Aim of the task:
The expected answer is the data below, printed verbatim without its pictures.

** Supplied information follows **

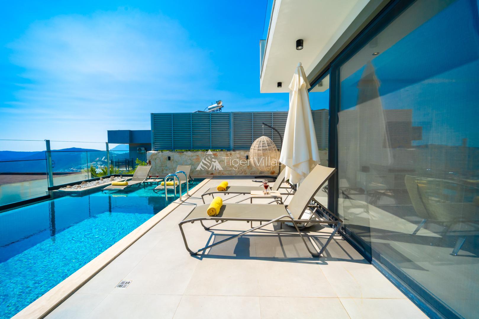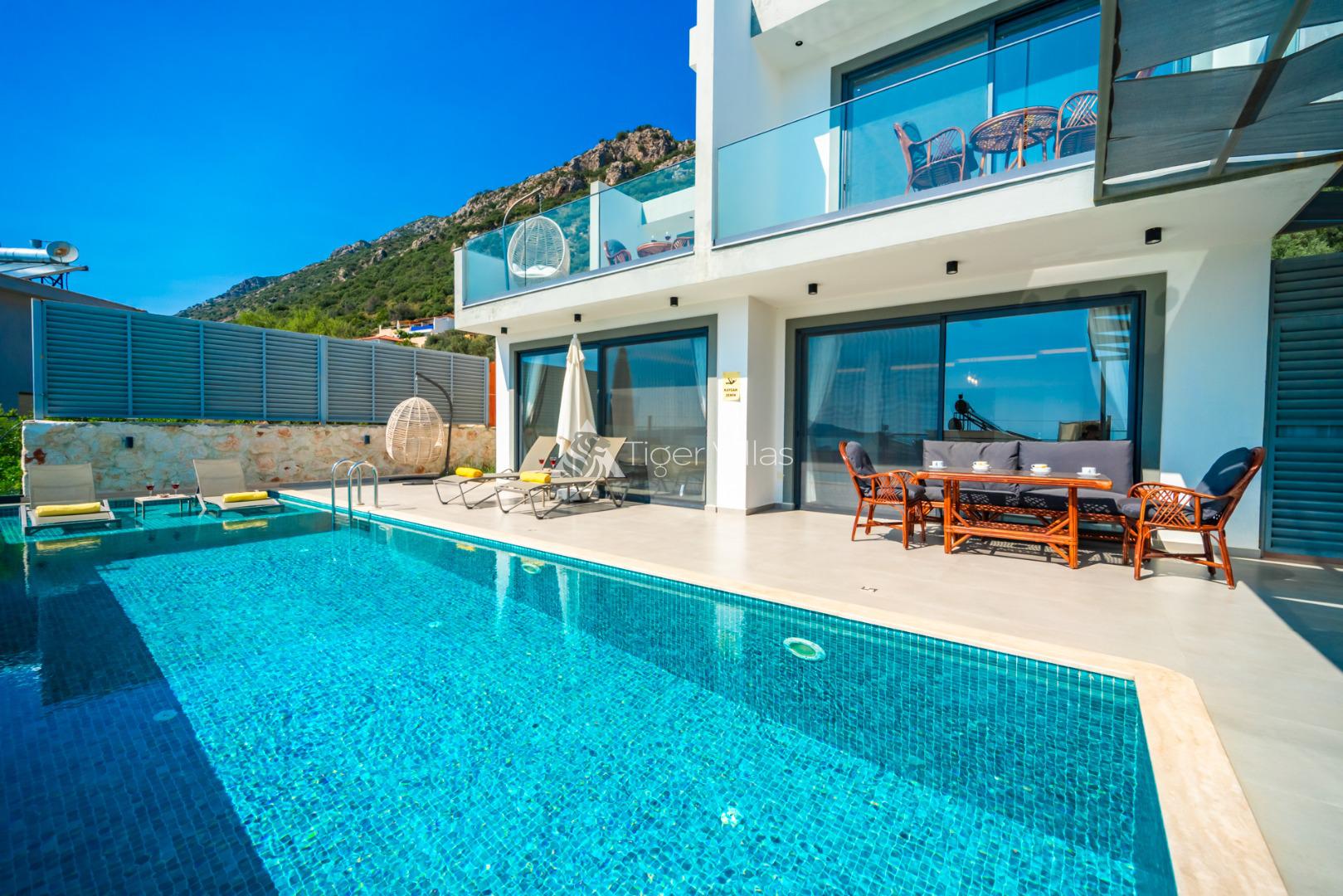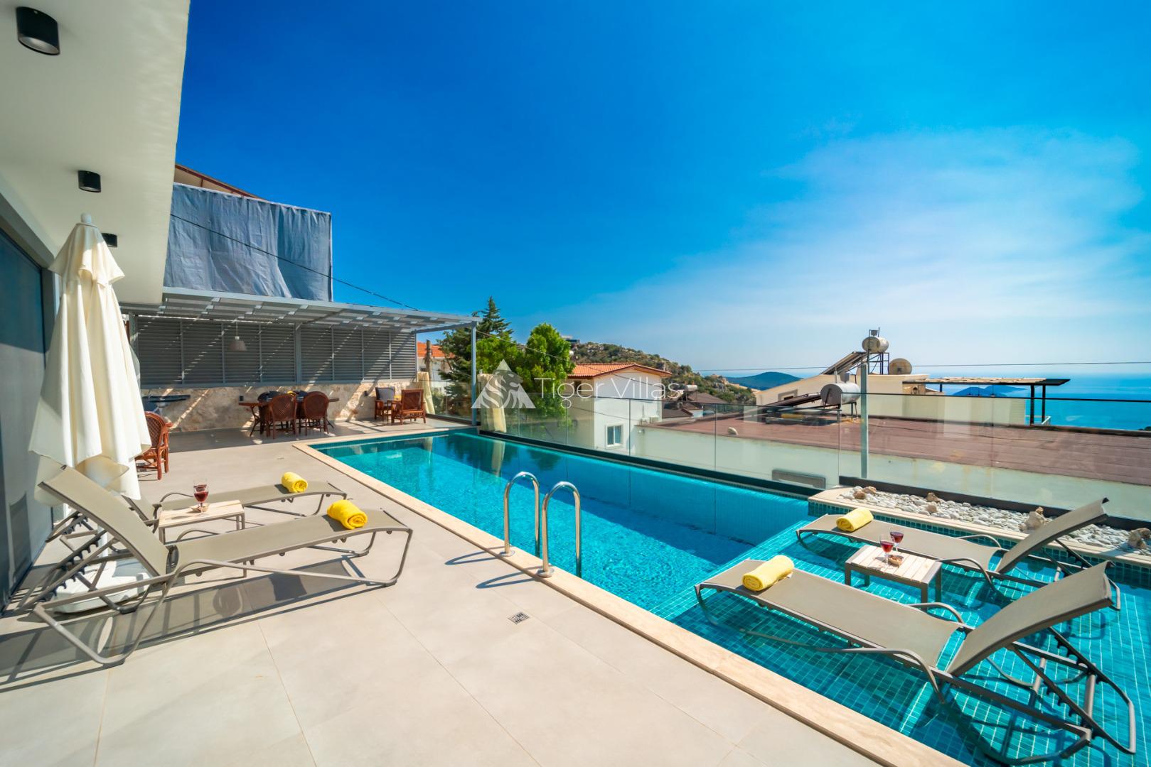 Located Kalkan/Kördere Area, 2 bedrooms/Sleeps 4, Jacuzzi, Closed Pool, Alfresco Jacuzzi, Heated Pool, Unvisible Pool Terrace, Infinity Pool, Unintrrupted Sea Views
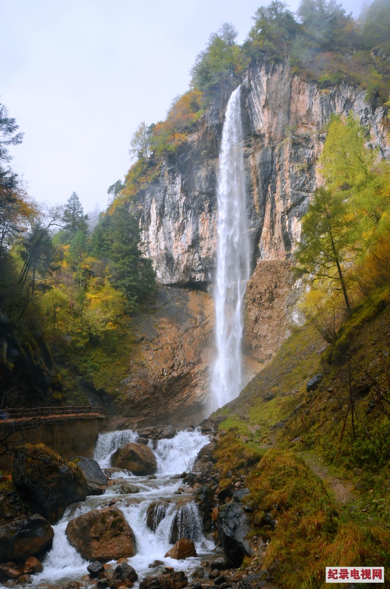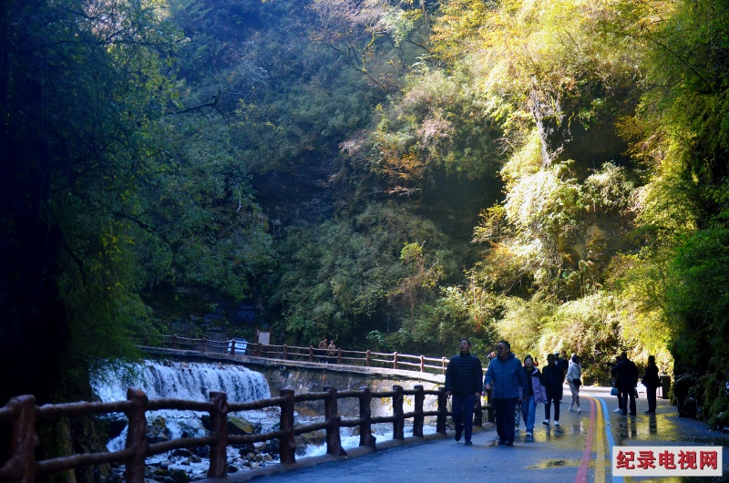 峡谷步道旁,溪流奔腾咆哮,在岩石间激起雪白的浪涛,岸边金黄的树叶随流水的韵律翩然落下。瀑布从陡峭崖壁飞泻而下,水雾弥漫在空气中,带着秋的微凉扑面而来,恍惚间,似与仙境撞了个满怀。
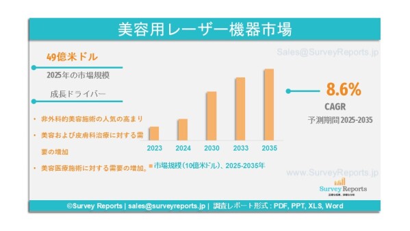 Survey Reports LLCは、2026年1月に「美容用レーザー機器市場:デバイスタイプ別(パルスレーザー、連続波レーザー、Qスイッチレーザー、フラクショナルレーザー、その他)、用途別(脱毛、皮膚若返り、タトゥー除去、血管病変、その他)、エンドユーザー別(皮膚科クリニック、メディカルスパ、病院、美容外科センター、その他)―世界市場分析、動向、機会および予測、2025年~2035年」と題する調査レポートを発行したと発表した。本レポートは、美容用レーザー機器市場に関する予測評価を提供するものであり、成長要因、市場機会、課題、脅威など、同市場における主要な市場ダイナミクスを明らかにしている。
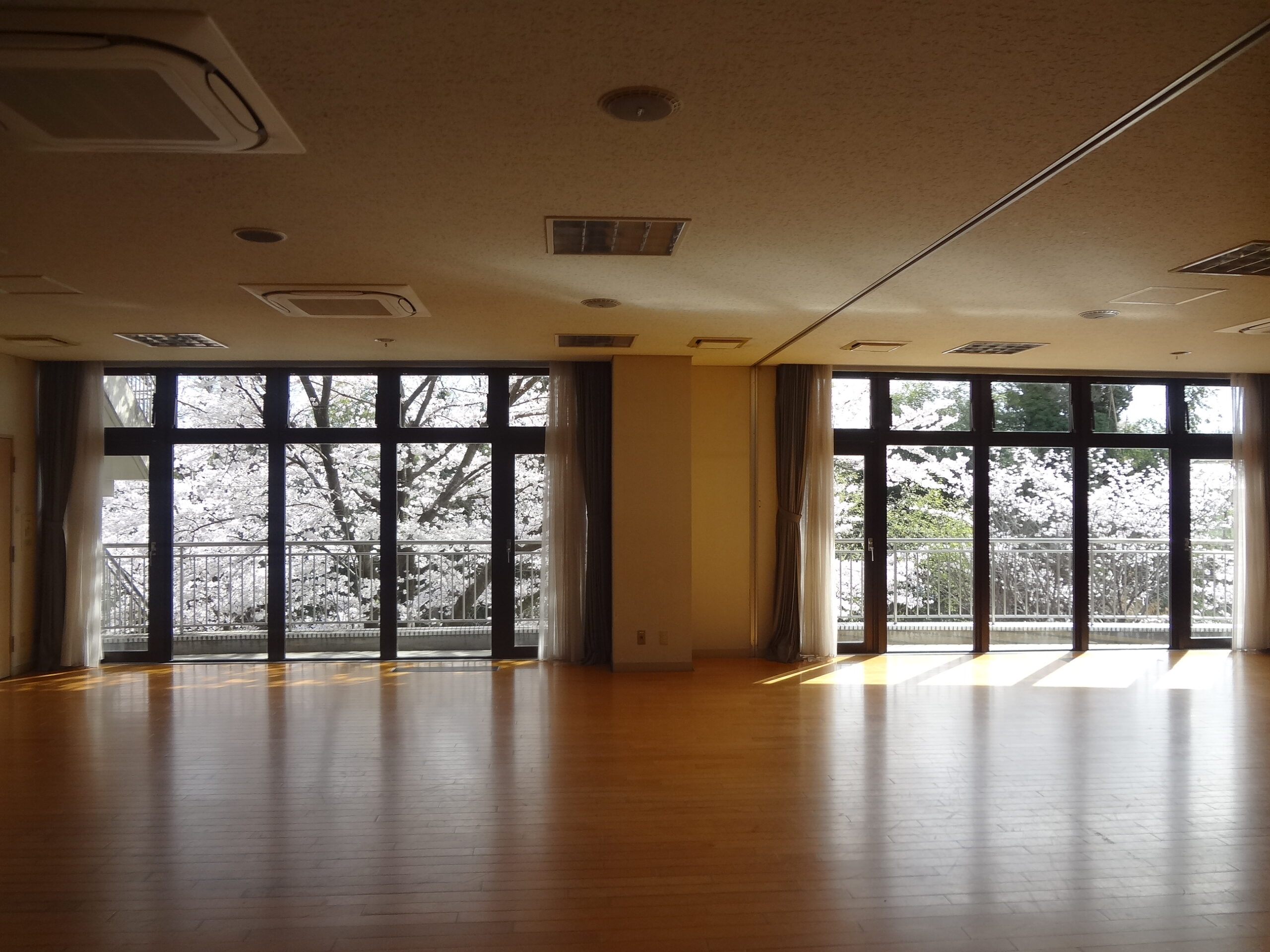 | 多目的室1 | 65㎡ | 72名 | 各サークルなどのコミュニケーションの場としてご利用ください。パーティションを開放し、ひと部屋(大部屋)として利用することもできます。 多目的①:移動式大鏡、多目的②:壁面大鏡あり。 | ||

** End of Supplied information **

Exercise result:
 Located Kalkan/Kördere Area, 2 bedrooms/Sleeps 4, Jacuzzi, Closed Pool, Alfresco Jacuzzi, Heated Pool, Unvisible Pool Terrace, Infinity Pool, Unintrrupted Sea Views
 峡谷步道旁,溪流奔腾咆哮,在岩石间激起雪白的浪涛,岸边金黄的树叶随流水的韵律翩然落下。瀑布从陡峭崖壁飞泻而下,水雾弥漫在空气中,带着秋的微凉扑面而来,恍惚间,似与仙境撞了个满怀。
 Survey Reports LLCは、2026年1月に「美容用レーザー機器市場:デバイスタイプ別(パルスレーザー、連続波レーザー、Qスイッチレーザー、フラクショナルレーザー、その他)、用途別(脱毛、皮膚若返り、タトゥー除去、血管病変、その他)、エンドユーザー別(皮膚科クリニック、メディカルスパ、病院、美容外科センター、その他)―世界市場分析、動向、機会および予測、2025年~2035年」と題する調査レポートを発行したと発表した。本レポートは、美容用レーザー機器市場に関する予測評価を提供するものであり、成長要因、市場機会、課題、脅威など、同市場における主要な市場ダイナミクスを明らかにしている。
 | 多目的室1 | 65㎡ | 72名 | 各サークルなどのコミュニケーションの場としてご利用ください。パーティションを開放し、ひと部屋(大部屋)として利用することもできます。 多目的①:移動式大鏡、多目的②:壁面大鏡あり。 | ||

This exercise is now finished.